But that growth has brought a new set of perils: rising income inequality, crippling housing and workforce shortages, an expanding homelessness crisis and climate change. A new generation of city leaders are tackling those challenges and guiding their cities into a globalized century in which their main competitors are no longer just across a state line, but across the world. 

Here are six mayors shaping urban America in six vastly different cities: 

QUINTON LUCAS (D)
Kansas City, Mo.

Sometimes, $1.50 matters. It did to Quinton Lucas, 35, who spent part of his childhood studying in the bathroom of the hotel room where he lived with his single mother and two sisters. From there, he would take the bus to a prestigious private school where he had won a scholarship. 

Now, as mayor, he wants to give that $1.50 back to the next generation of low-income students — by making city bus rides free. His math shows it will cost the city about $8 million a year, a tiny fraction of its annual $1.7 billion budget.

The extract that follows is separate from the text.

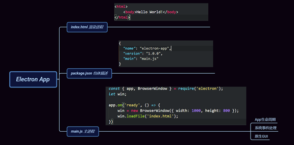 Electron有一个基本的文件结构,类似于我们在创建网页时使用的文件结构[3]: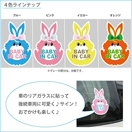 当店オリジナルステッカー 商品名 【BABY IN CAR ウサギさん】 商品イメージ とっても可愛いウサギさんのセーフティマークです 4つのカラーと、色ふち、白ふちの計8パターンをご用意しました!お車に合わせてお選び下さい。

“When you live at that kind of level, you know how much difference $1.50 makes. You know how much difference that extra thousand dollars a year can make,” the Democrat said in an interview.  

In an age of flashy tech companies spending billions on new campuses and cutting-edge facilities, Lucas’s initiative is meant to spread the wealth to more of his city’s residents. The City Council is unanimously behind it, and he expects fare machines to be shuttered by June 1. 

“The story of the American city can’t just be about tech. It can’t just be about attracting highly educated college graduates,” he said. “You really create an opportunity to, I think, build more ridership with more interest, and one that is fundamentally more equitable.” 

 

JANE CASTOR (D)
Tampa, Fla.

Students at Young Middle Magnet School in downtown Tampa are learning about water — the water that flows through the city sewers, the water that comes out of their taps and the machines that make sure that water flows where it should.

To Jane Castor, six months into her first term as Tampa’s new mayor, today’s students are tomorrow’s engineers and scientists, the key to developing a workforce that can attract new businesses hungry for well-educated employees. The STEM programs beginning to scale in Tampa and surrounding Hillsborough County are an early investment in Tampa’s next generation.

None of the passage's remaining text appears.